Engineer, Site Reliability
ses
Job Description
PRIMARY RESPONSIBILITIES / KEY RESULT AREAS
- Ensure system reliability and availability by maintaining infrastructure environments and ensuring software applications run smoothly.
- Monitor system health continuously to detect issues and automatically handle failures.
- Standardize and automate processes, while maintaining internal tools and documentation to support the overall infrastructure and reduce emergency response time.

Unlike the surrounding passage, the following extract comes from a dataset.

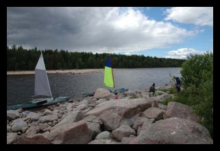 Vítr pomalu přestal foukat úplně a hodinu před půlnocí jsme přistáli u ostrova v zálivu Sojkkasjenlachti. Hned po přistání se do nás pustili komáři. Na ostrovech na volném jezeře se nevyskytují, protože je odnáší vítr, ale v porostech více ve vnitrozemí koušou jako o život.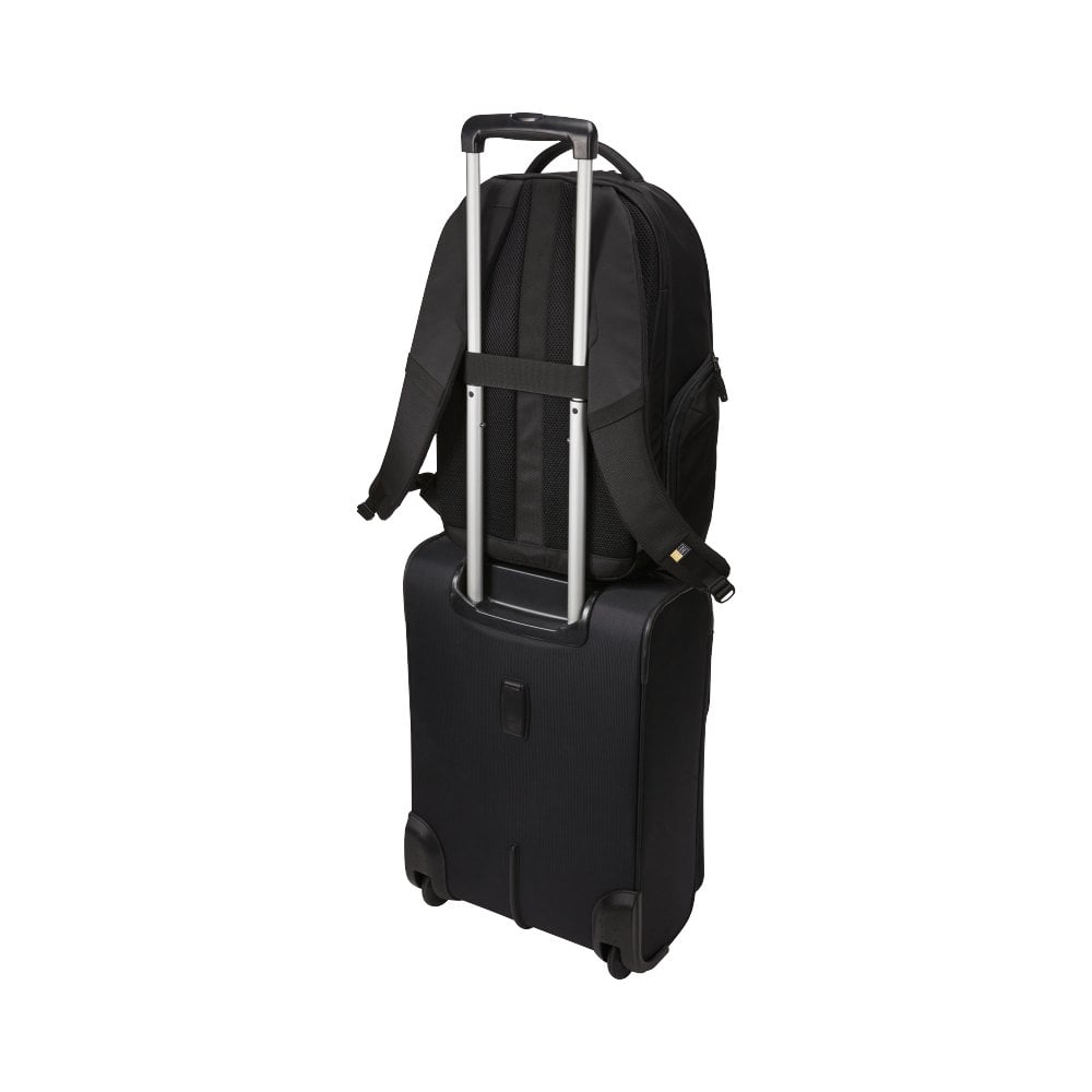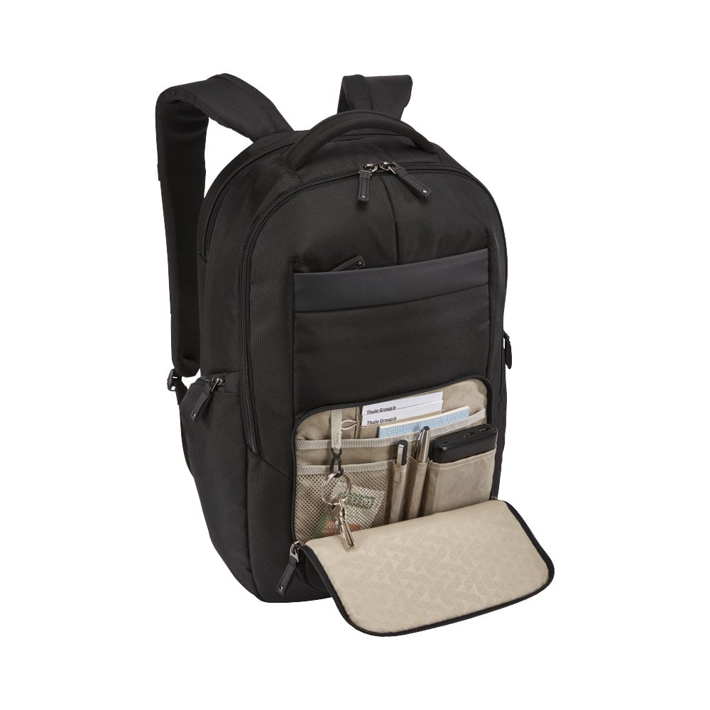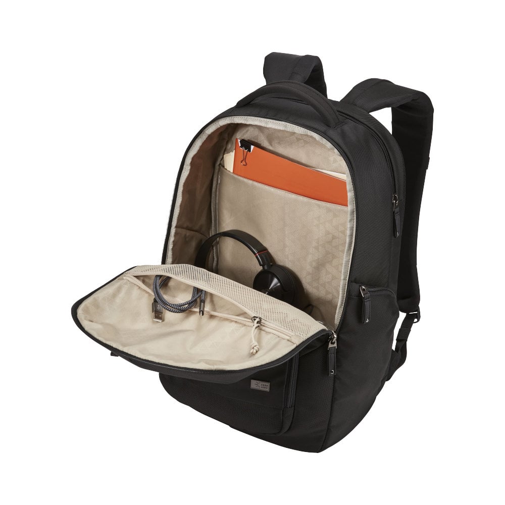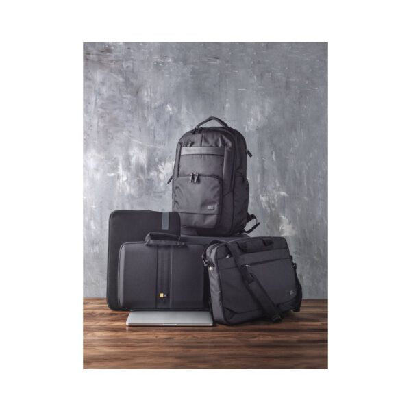 Ten wytrzymały plecak Case Logic zapewnia maksymalny komfort i wygodę. Posiada dużą główną komorę zapinaną na zamek z wyściełaną przegrodą na laptopa 15,6 cala i tablet 10,1 cala oraz zapinaną na zamek siateczkową kieszeń na kable i akcesoria. Przedni panel organizacyjny pozwala na przechowywanie drobnych urządzeń elektronicznych, kabli, akcesoriów, wizytówek i kluczy. Dodatkowo, plecak wyposażony jest w rozszerzalne kieszenie boczne na butelkę z wodą lub zasilacz, wyściełane ramiączka, pikowany tylny panel z siateczki przepuszczającej powietrze, miękki uchwyt i prowadnice wózka. Do tego wszystkiego dochodzi 25-letnia gwarancja Case Logic.

This includes troubleshooting workflows, scripting, tooling, and documentation.
- Mitigate operational risks by identifying, assessing, and implementing measures to eliminate potential risks that could impact system performance.
- Develop and deploy solutions using industry best practices / innovation as well as SES IT defined architecture standards and guidelines.
- Deploy and configure cloud services using the Cloud Center of Excellence methodology as needed.
- Collaborate with various teams to ensure seamless integration and operation of systems.
- Drive improvement and adherence to all IT service management processes, including incident management, change management, request fulfilment, problem management.
- Create knowledge base articles and wikis for common issues and daily operations procedures.
- Stay current with the latest IT and Cloud technologies.
- Provide support and drive strong focus on simplification, standardization and automation.
- Provide inputs to Department heads for administrative and management tasks.
- Fulfil on-call duties on a rotating 24/7 schedule.
COMPETENCIES
- Self-driven innovative mindset, commitment to excellence and quality in all areas.
- Strong knowledge of on-premises systems and infrastructure.
- Excellent problem-solving and troubleshooting skills.
- Good understanding of cloud environments and services.
- Ability to work collaboratively with cross-functional teams.
- Results-driven with a pragmatic service delivery approach.
- Thrives in fast-paced environments with tight deadlines, maintaining attention to detail and self-motivation.
- Strong communication and documentation skills.
- Proactive and self-motivated with a focus on continuous improvement.
QUALIFICATIONS & EXPERIENCE
- Bachelor's degree in Computer Science, Information Technology, or a related field.
- Minimum 3 years of applicable professional experience in a large, diverse environment.
- Strong expertise in Linux OS, including system administration, shell scripting, performance tuning, security best practices, and experience with virtualization and cloud platforms.
- Strong expertise in one or more virtualization solutions (e.g., VMware, Nutanix).
- Proven experience in a similar role, with a focus on cloud and on-premises systems environments.
- Experience with automation tools and scripting languages.
- Good knowledge of Windows and Linux OS, EntraID, Active Directory, CI/CD automation, continuous monitoring and information security.
- Familiarity with ITIL processes and best practices.
- Fluency in English, any other language is considered as an asset.
- Relevant certifications (e.g., AWS, Azure, Google Cloud, RHCE, LFCS) are a plus.